WHAT THE TASK ASKS.
Quote every line of the data below as it stands, omitting pictures.
═════ GIVEN INFORMATION
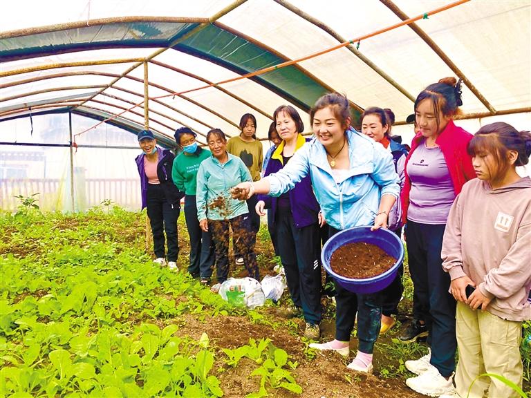 多龍崗村農民在大棚內實操土地施肥。記者 王敏 通訊員 郎玲 攝
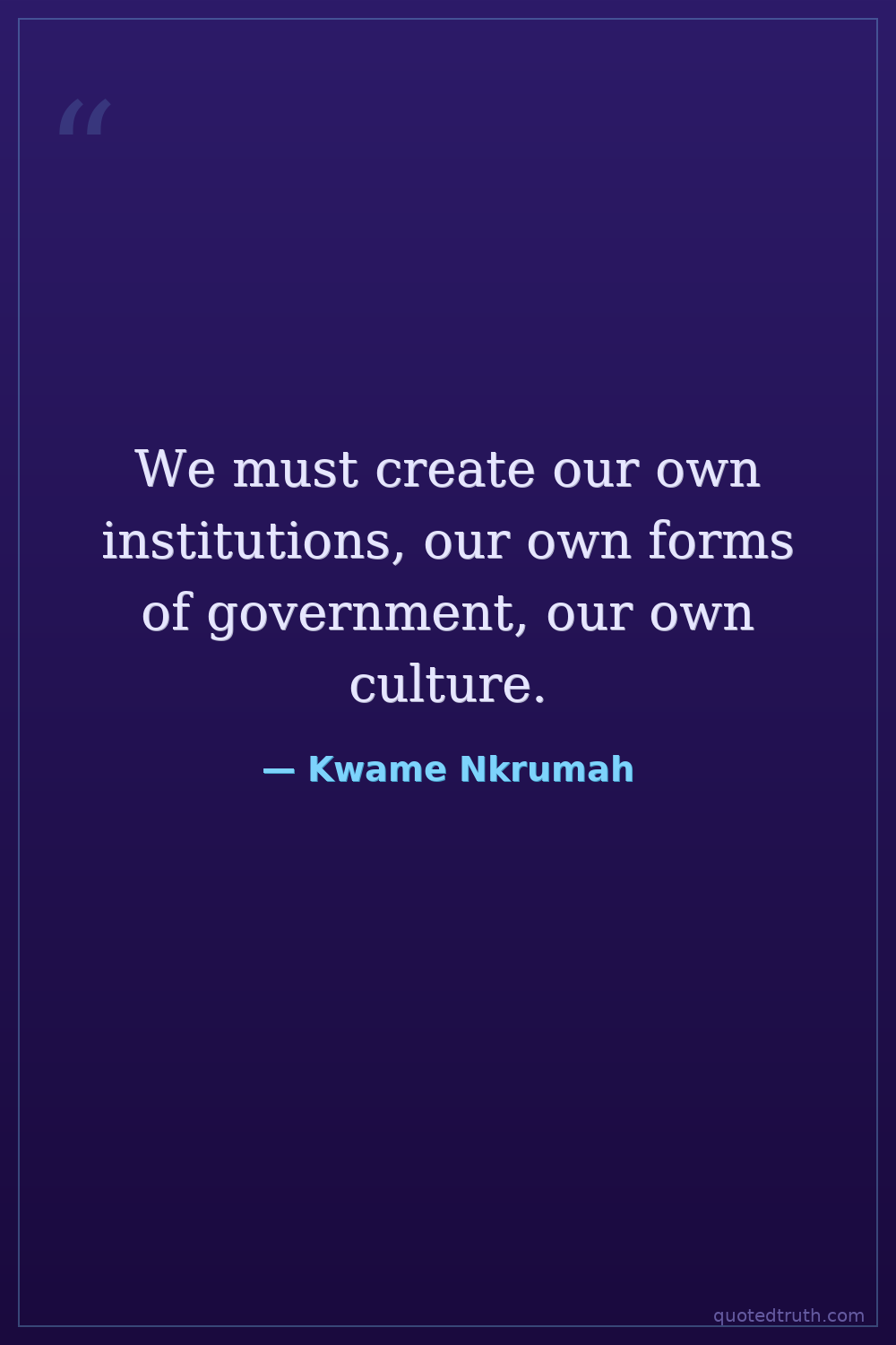 We must create our own institutions, our own forms of government, our own culture.
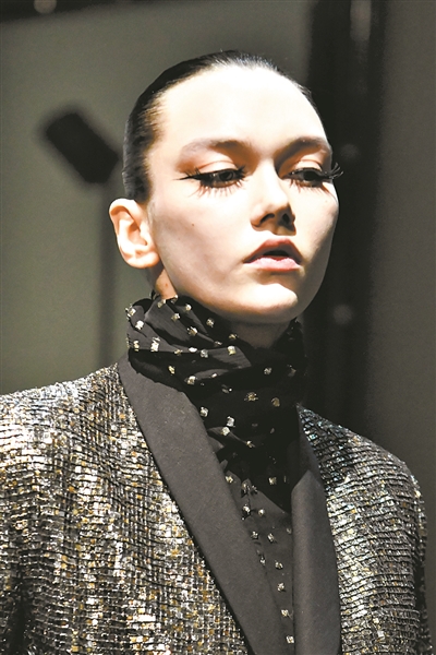 記者留意到,近年的時裝潮流總有不斷回潮的趨勢,本季的金屬風格也是其中之一。作為2023~2024秋冬流行主色系,金屬色本身就擁有強大的力量,耀眼、張揚、外放。“想起金屬風格,更多人第一印象會落在搖滾風、迪斯科風上,事實上它作為時裝元素來說,一直以來都在被大牌設計師們靈活運用著。”新銳時裝設計師蔣宇告訴記者,比如愛馬仕就很喜歡選擇低調的金屬質感與皮革材質混合,設計師風衣、外套、連身裙等。而LV、GUCCI相對而言會更外放一些,直接在輕禮服裙、西裝外套、夾克衫上大面積使用金屬元素,或面料或裝飾,綜合設計出更具有戲劇感的時裝。
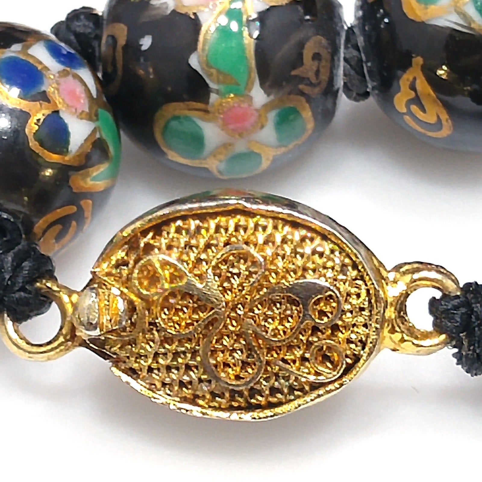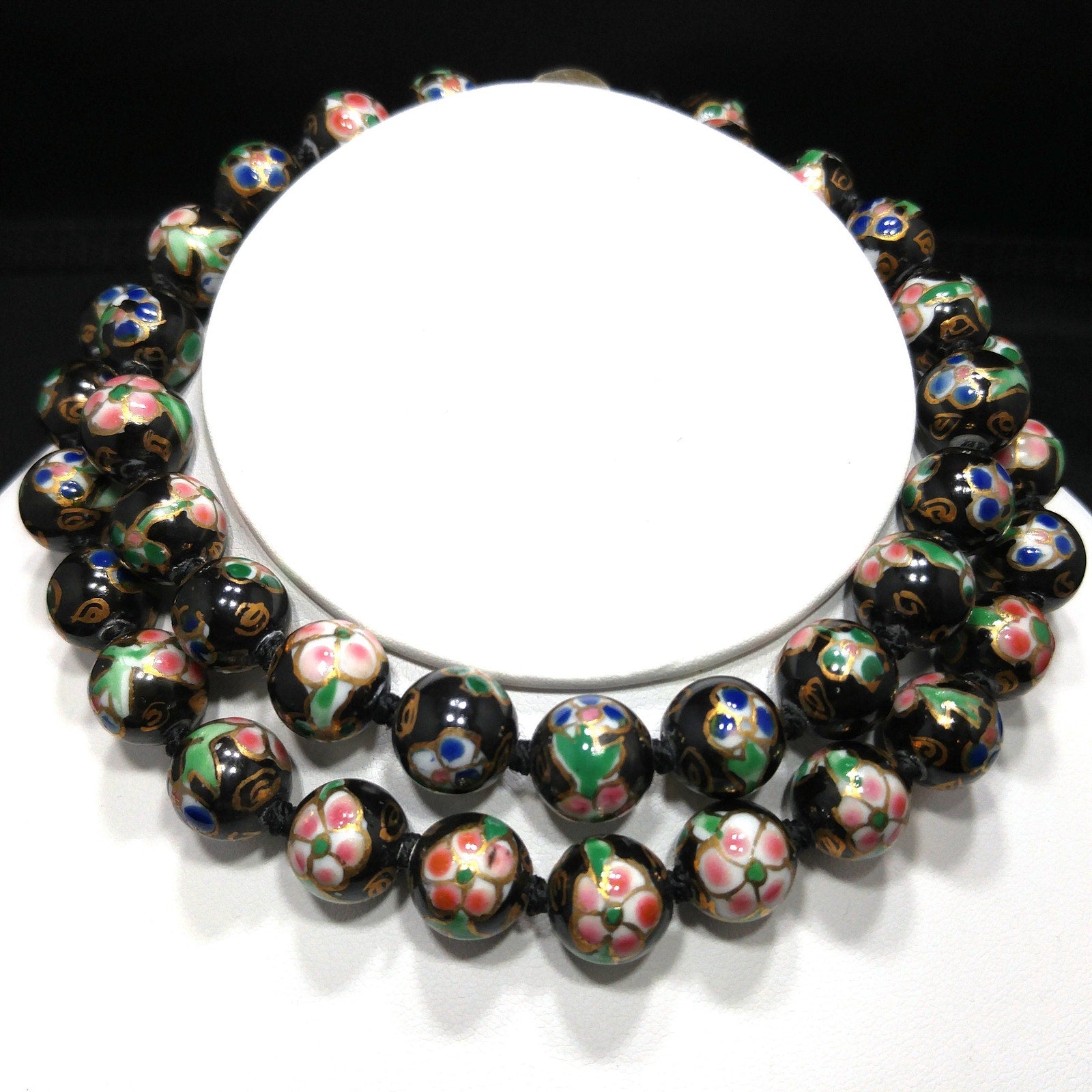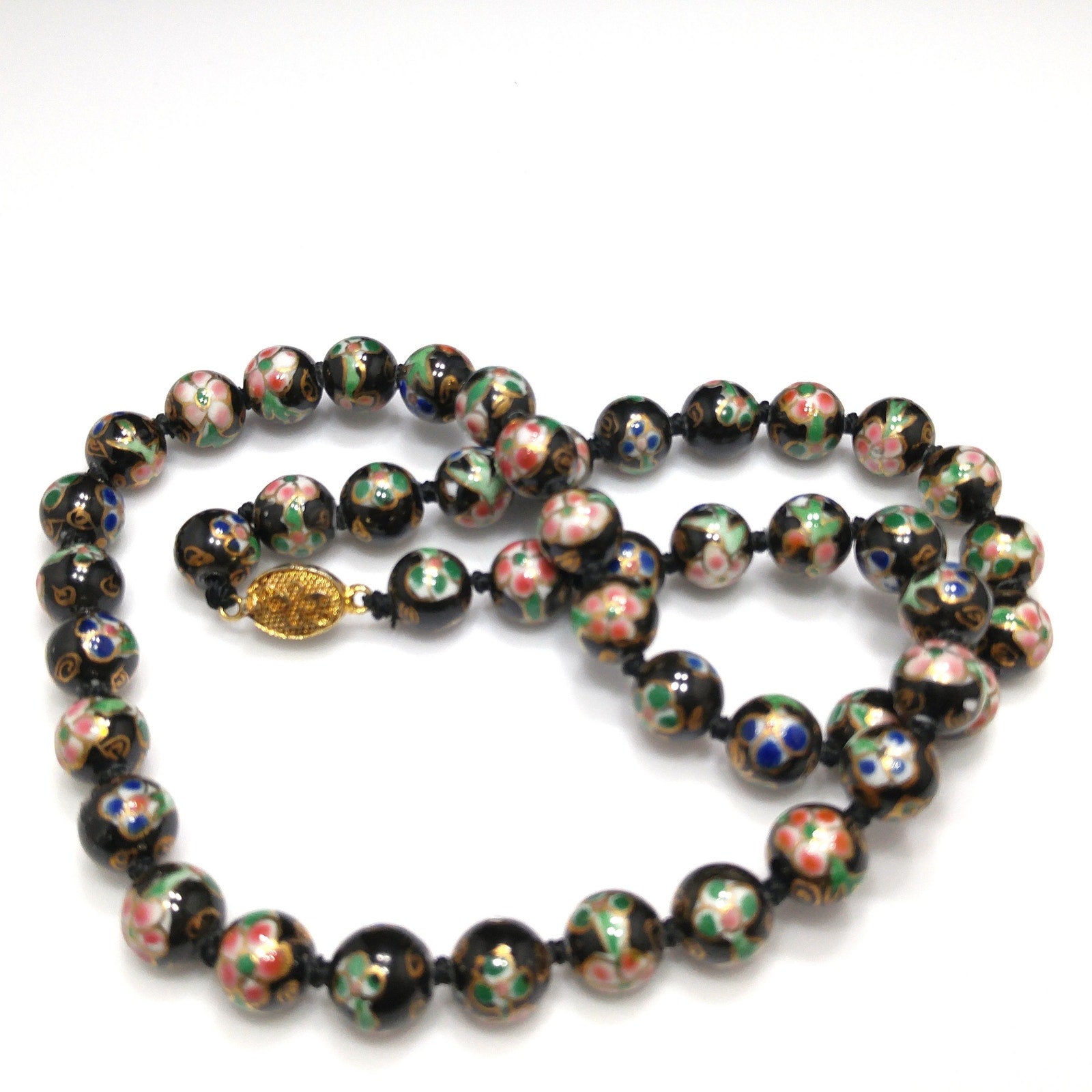 *Description: This is a beautiful cloisonné necklace with hand painted pink, blue, and green flowers and leaves on black porcelain beads trimmed in gold from the 1960s. This necklace is hand knotted to increase its strength. The filigree clasp is oval and gold in tone. This is a great vintage necklace and would make a great addition to your vintage jewelry collection. This hand-painted and hand-knotted necklace was imported from China in the 1960s. This would be a great addition to your vintage jewelry collection or make a great vintage gift!
══════════
WRITTEN SOLUTION.
 多龍崗村農民在大棚內實操土地施肥。記者 王敏 通訊員 郎玲 攝
 We must create our own institutions, our own forms of government, our own culture.
 記者留意到,近年的時裝潮流總有不斷回潮的趨勢,本季的金屬風格也是其中之一。作為2023~2024秋冬流行主色系,金屬色本身就擁有強大的力量,耀眼、張揚、外放。“想起金屬風格,更多人第一印象會落在搖滾風、迪斯科風上,事實上它作為時裝元素來說,一直以來都在被大牌設計師們靈活運用著。”新銳時裝設計師蔣宇告訴記者,比如愛馬仕就很喜歡選擇低調的金屬質感與皮革材質混合,設計師風衣、外套、連身裙等。而LV、GUCCI相對而言會更外放一些,直接在輕禮服裙、西裝外套、夾克衫上大面積使用金屬元素,或面料或裝飾,綜合設計出更具有戲劇感的時裝。
 *Description: This is a beautiful cloisonné necklace with hand painted pink, blue, and green flowers and leaves on black porcelain beads trimmed in gold from the 1960s. This necklace is hand knotted to increase its strength. The filigree clasp is oval and gold in tone. This is a great vintage necklace and would make a great addition to your vintage jewelry collection. This hand-painted and hand-knotted necklace was imported from China in the 1960s. This would be a great addition to your vintage jewelry collection or make a great vintage gift!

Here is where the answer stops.